Alzheimer's disease, the most prevalent cause of dementia, can be treated with a number of medications to help patient's memory and cognitive abilities. These drugs, known as cholinesterase inhibitors, work by raising the levels of acetylcholine, which is important for memory and learning. Non-pharmacological treatments aim to better the patient's quality of life while managing their symptoms. They might consist of physical therapy, occupational therapy, and cognitive behavioural therapy. Help with daily chores like bathing and dressing, as well as emotional and social support for the patient and their caregivers, can all be considered supportive care.

What is the role of occupational therapy and people with dementia?

People with physical, mental, or developmental disabilities can lead independent and fruitful lives with the aid of occupational therapy. Occupational therapy can support people with dementia in maintaining their physical and cognitive abilities and carrying out meaningful activities.

Occupational therapy can assist those who have dementia in adapting to changes in their physical or cognitive abilities as well as improving their functional skills, such as bathing, dressing, and grooming. Occupational therapy can assist people with dementia in continuing to enjoy and derive meaning from their hobbies even as their abilities deteriorate.

By identifying and addressing safety hazards and offering advice on how to modify the home environment to meet their changing needs, safety can help people with dementia stay safe at home. In order to help caregivers of dementia patients better understand their loved one's needs and create strategies to support their independence and well-being, occupational therapy can educate and support them.

People with dementia may benefit greatly from occupational therapy as part of their care because it can help them maintain their skills, engage in worthwhile activities, and live safe, independent lives. They typically receive specialized training and encounters working with dementia patients from occupational therapists.

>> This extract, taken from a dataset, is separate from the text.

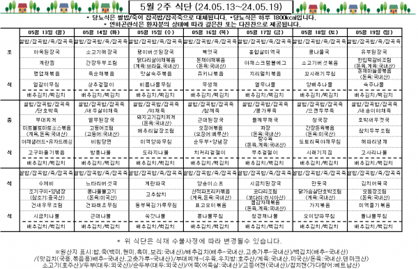 5월 2주 식단표

The annual cost of dementia to the Canadian economy and healthcare system is over $10.4 billion - Azheimer Society

How do occupational therapists improve functional skills?

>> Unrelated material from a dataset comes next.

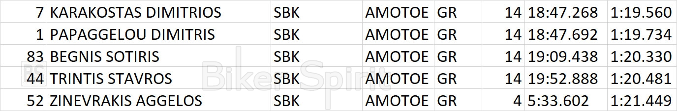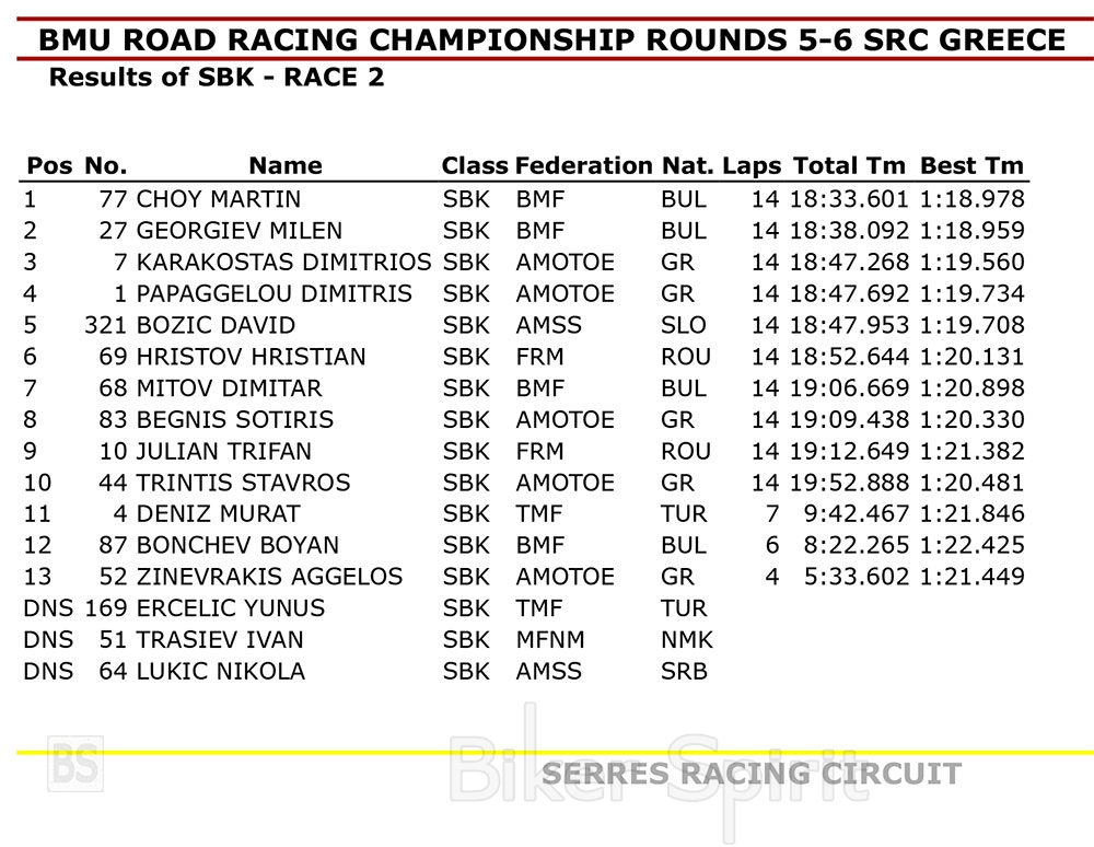 Το Ελληνικό Βάθρο συμπλήρωσε ο Σωτήρης Μπεγνής (YAMAHA R1), αυτή την φορά, ενώ στο Βαλκανικό τερμάτισε στην 8η θέση.

To help people with dementia improve their functional skills, such as bathing, dressing, and grooming, occupational therapists employ a variety of techniques. The following are some specific techniques that an occupational therapist may employ to enhance functional skills:

A complex task is broken down into smaller, more manageable steps using task analysis, and each step is taught separately. By doing so, people with dementia may be better able to comprehend the task at hand and complete it on their own.

Adaptive equipment: To help people with dementia carry out daily tasks more effectively, occupational therapists may suggest and provide adaptive equipment, such as dressing aids or bathing aids.

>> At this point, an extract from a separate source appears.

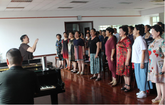 排练中,王素华按照专业歌唱标准辅导几乎没有唱歌基础的团员们,她想法设法地将深奥的乐理知识用通俗易懂的比喻解释给大家听。团员们也竭尽全力多练习、找不足,克服困难、勤学苦练,以极其高涨的热情参加歌唱党、歌唱祖国的大合唱活动。他们高兴地说:“唱正能量歌曲,心灵深处的爱国情怀像火苗般的熊熊燃烧!”功夫不负有心人,整个合唱团的演唱水平有了长足进步,稍有难度的歌曲也唱得像模像样。

Environmental changes: To help people with dementia perform tasks more safely and independently, the therapist may recommend making changes to the home environment, such as installing grab bars or making items more accessible.

Sensory integration: To help people with dementia process and react to their environment more effectively, occupational therapists may use sensory integration techniques, such as giving sensory input through touch or movement.

Cognitive rehabilitation: To help people with dementia improve their cognitive skills and carry out daily tasks, occupational therapists may use cognitive rehabilitation techniques, such as memory techniques and problem-solving exercises.

Occupational therapists are qualified to evaluate the functional abilities of dementia patients and create personalized treatment plans that take into account each patient's specific requirements and objectives. To help the person with dementia maintain their skills and independence, the therapist will work closely with them and their caregivers.


Dementia numbers in Canada. (n.d.). Alzheimer Society of Canada.

Public Health Agency of Canada. (n.d.-a). Dementia: Overview -

What is dementia? (n.d.). Alzheimer Society of Canada.

What Is Dementia? | CDC. (n.d.).

What Is Dementia? Symptoms, Types, and Diagnosis. (n.d.). National Institute on Aging.